EXERCISE AIM:
Every entry below must be retyped exactly, and the pictures must be left out.

Extracted data entries
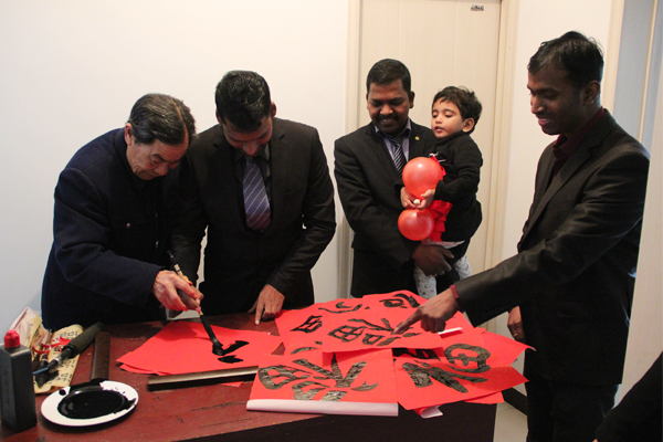 臨近中國農歷新年,公司許多印度員工選擇留在中國,感受農歷年俗的歡樂氣氛。為了讓他們感受不一樣的新年,為了讓公司這些遠離家鄉的印度員工也來感受中國人最傳統、最隆重的新春佳節,公司安排他們的家人也來到了中國,了解中國傳統文化,體驗中國古老節日的喜慶氣氛,讓春節真正團圓,公司中國員工還特地邀請他們一起,包餃子、寫春聯,準備熱熱鬧鬧過大年。
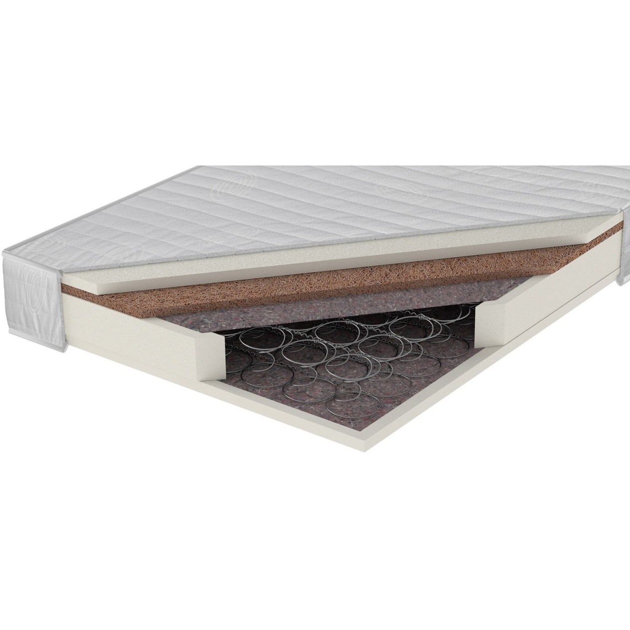 Матрасы от компании Meble Polskie, модель Merkury 180x200, Тип пружинный (Боннель), Жесткость средняя / высокая (3/5), двусторонний и Количество слоев 6 шт, а также Наполнитель войлок, пенополиуретан, кокосовая койра.
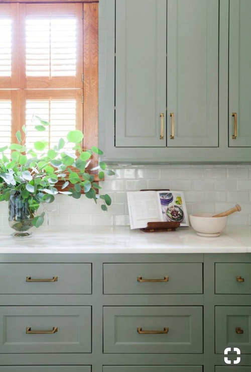 See how these 9 countertop, hardware, backsplash and flooring combinations work with green cabinets
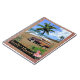 Beautiful retro-style picture, showing an oldtimer car with surfboard on top at the beach, surrounded by tropical vegetation. Text "Surfin' Hawaii" .
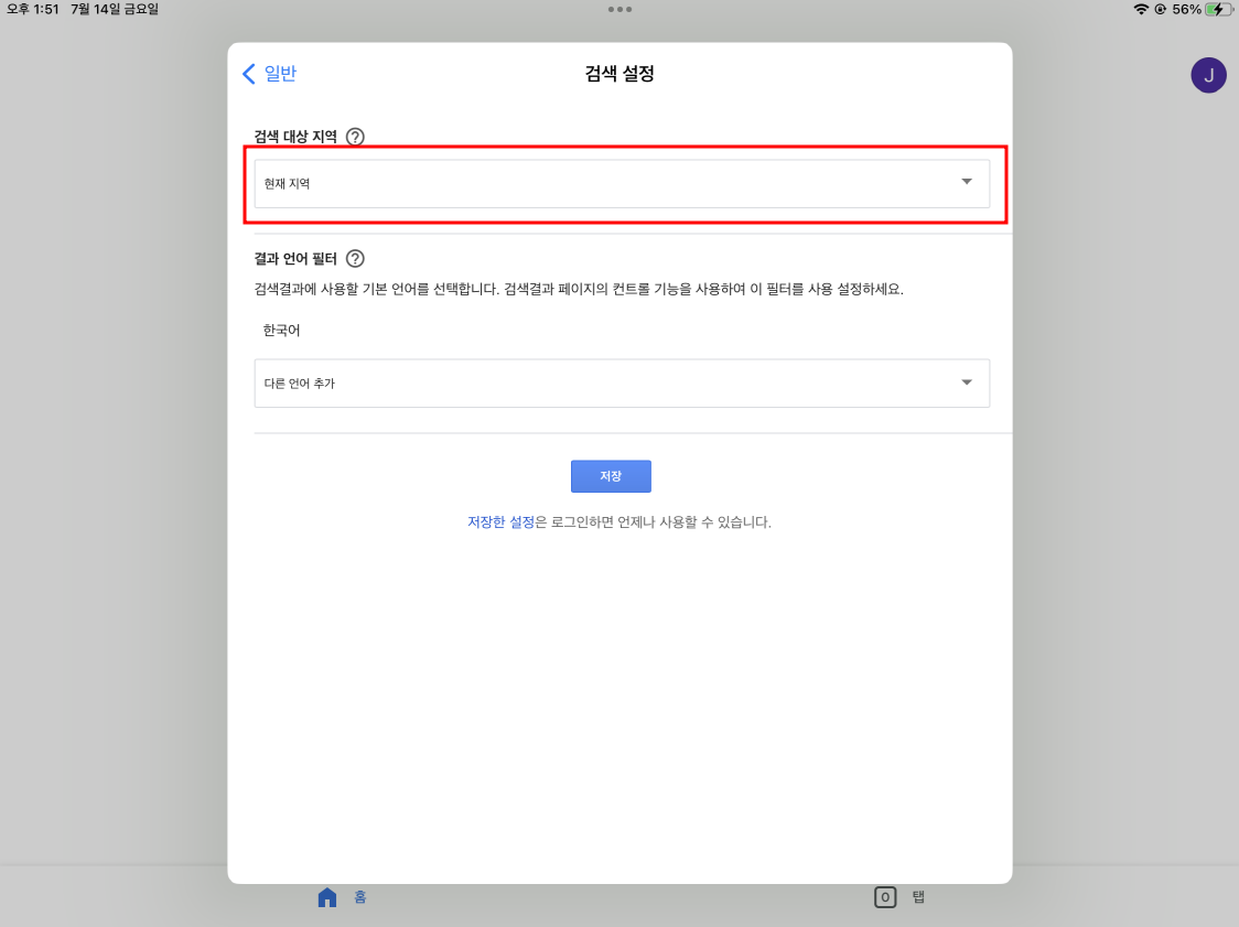 4. 지역 설정에서 원하는 국가 나라 선택하고 저장하기
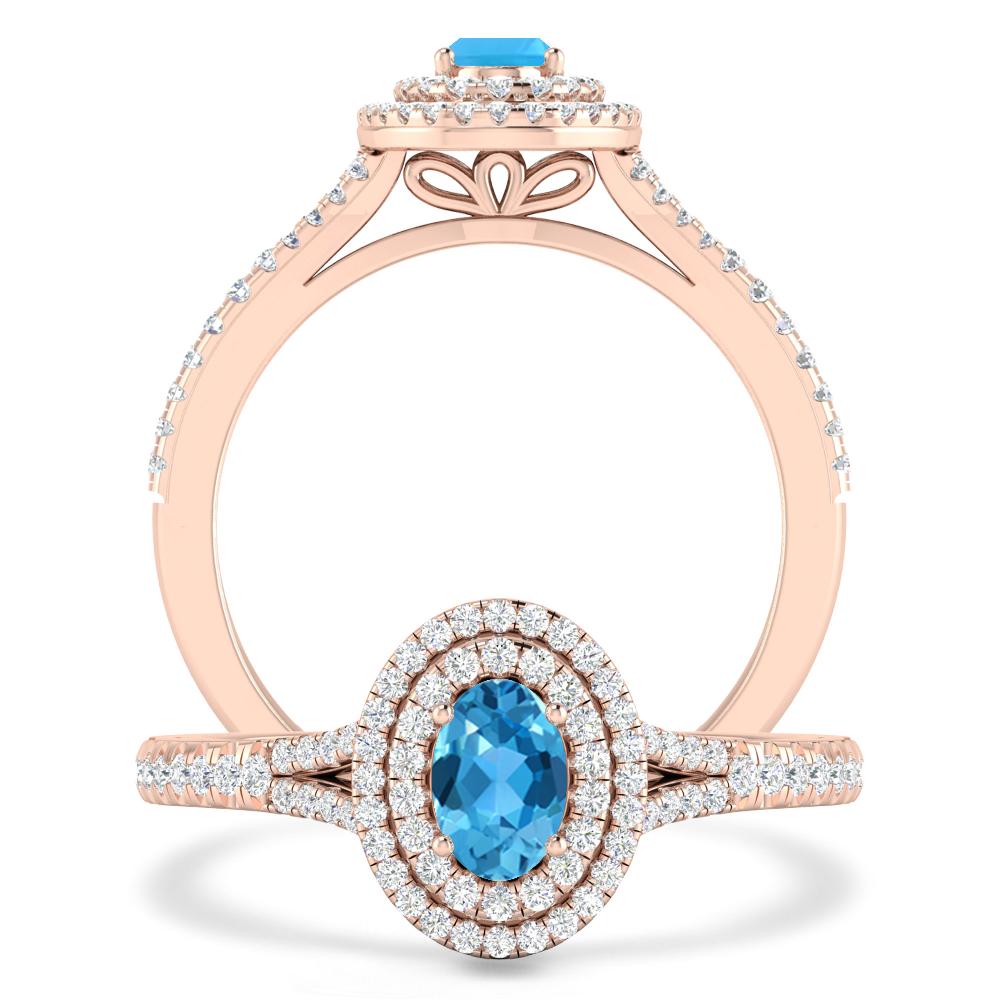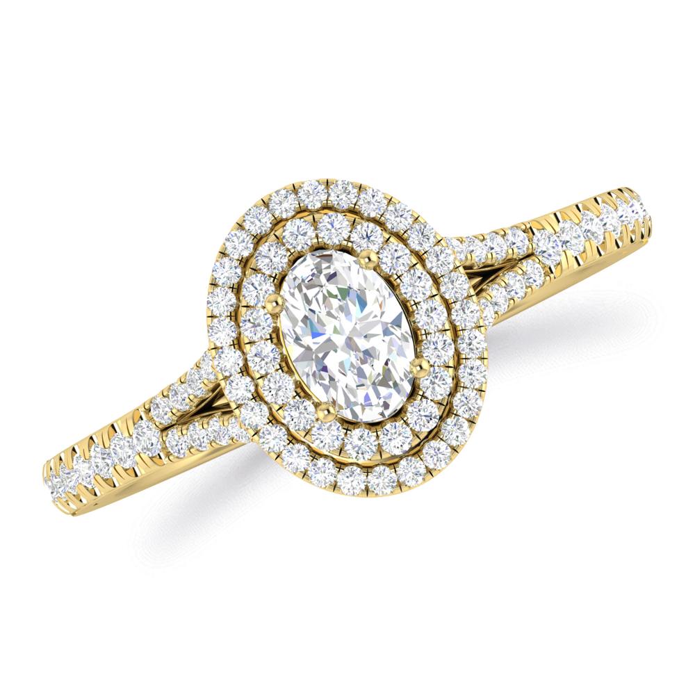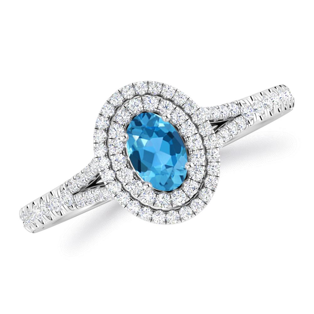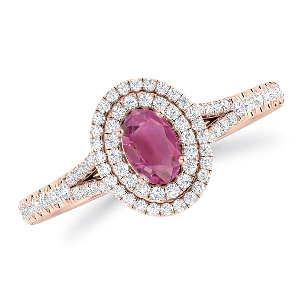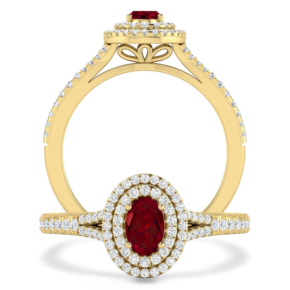 7/8 ctw Oval Ruby Pave Set Double Halo Engagement Ring With Split Accented Shank In 14K White Gold

YOUR SOLUTION:
 臨近中國農歷新年,公司許多印度員工選擇留在中國,感受農歷年俗的歡樂氣氛。為了讓他們感受不一樣的新年,為了讓公司這些遠離家鄉的印度員工也來感受中國人最傳統、最隆重的新春佳節,公司安排他們的家人也來到了中國,了解中國傳統文化,體驗中國古老節日的喜慶氣氛,讓春節真正團圓,公司中國員工還特地邀請他們一起,包餃子、寫春聯,準備熱熱鬧鬧過大年。
 Матрасы от компании Meble Polskie, модель Merkury 180x200, Тип пружинный (Боннель), Жесткость средняя / высокая (3/5), двусторонний и Количество слоев 6 шт, а также Наполнитель войлок, пенополиуретан, кокосовая койра.
 See how these 9 countertop, hardware, backsplash and flooring combinations work with green cabinets
 Beautiful retro-style picture, showing an oldtimer car with surfboard on top at the beach, surrounded by tropical vegetation. Text "Surfin' Hawaii" .
 4. 지역 설정에서 원하는 국가 나라 선택하고 저장하기
 7/8 ctw Oval Ruby Pave Set Double Halo Engagement Ring With Split Accented Shank In 14K White Gold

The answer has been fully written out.